Summary of Fiscal 2005 Performance Criteria under Ameritrade Holding Corporation 2002 Management Incentive Plan
Contract Categories:
Human Resources
›
Bonus & Incentive Agreements
Summary
Ameritrade Holding Corporation's 2002 Management Incentive Plan outlines how executive officers can earn bonuses based on the company's performance in fiscal year 2005. The Compensation Committee sets annual performance goals, identifies eligible executives, and assigns target bonus percentages. For 2005, bonuses are tied to earnings per share (EPS) results, with cash awards for meeting certain levels and restricted stock units for exceeding them. Restricted stock units vest immediately but must be held for three years. Total cash awards under a separate component are capped at $2 million. The plan aims to align executive incentives with company performance.
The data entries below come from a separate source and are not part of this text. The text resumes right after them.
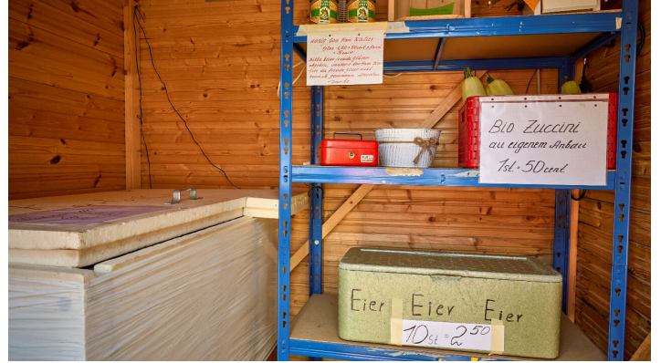
Hofladen Arnecke - © Foto AchimMeurer.com, Achim Meurer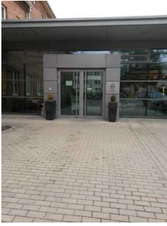
Eingang zum Gebäude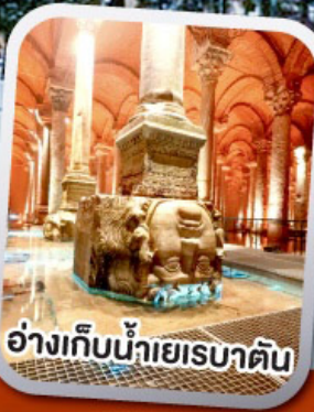
อ่างเทีบน้ำเยรบาตัน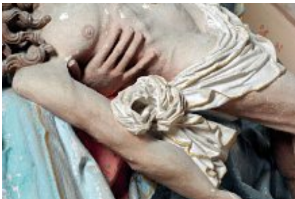
Vierge de pitié de Fouchères-aux-Bois. Le nœud du linge ceignant la taille du Christ.

On ignore l'histoire ancienne de cette statue. L'église de Fouchères, où elle est conservée au revers de sa façade, sur un socle de pierre, au-dessus du tambour de la porte 4 , a été reconstruite en style néo-gothique en 1869-1870, succédant à un édifice primitif peut-être fortifié. Avec d'autres statues plus récentes (un Saint Laurent, un Saint Maur, patrons de la paroisse), la Pietà en provient probablement.

EX-10.2 3 c91884exv10w2.txt SUMMARY OF FISCAL 2005 PERFORMANCE CRITERIA EXHIBIT 10.2 SUMMARY OF FISCAL 2005 PERFORMANCE CRITERIA AMERITRADE HOLDING CORPORATION 2002 MANAGEMENT INCENTIVE PLAN The Company's executive officers participate in the Ameritrade Holding Corporation 2002 Management Incentive Plan. This shareholder approved plan is based on the achievement of key corporate performance metrics and is intended to be qualified under Section 162(m) of the Internal Revenue Code in order to maximize tax deductibility for the Company, while providing strong incentive for goal achievement at the highest levels of the organization. Each year the Compensation Committee establishes the performance goals that must be achieved for awards under the plan, identifies eligible participants, and establishes target incentive percentages for each participant. For fiscal year 2005, the Compensation Committee identified eligible participants and determined that the performance criteria will be based on the Company's earnings per share ("EPS"), and established two formulas that permit the determination of different components of each participant's bonus award, subject to the CEO's recommendation to the Compensation Committee to award a lesser amount. Under the first component, if the performance criteria up to specified levels are reached, the bonus award is paid in cash and if the performance criteria above specified levels are reached, the bonus award for these excess levels is paid in restricted stock units. If restricted stock units are awarded, they will be vested immediately; however the participant is required to hold the units for at least three years. Under the second component, if the performance criteria meet or exceed the specified level, a cash award not to exceed $2 million in the aggregate may be paid. The Compensation Committee, on December 3, 2004, approved the aforementioned Management Incentive Plan for fiscal year 2005.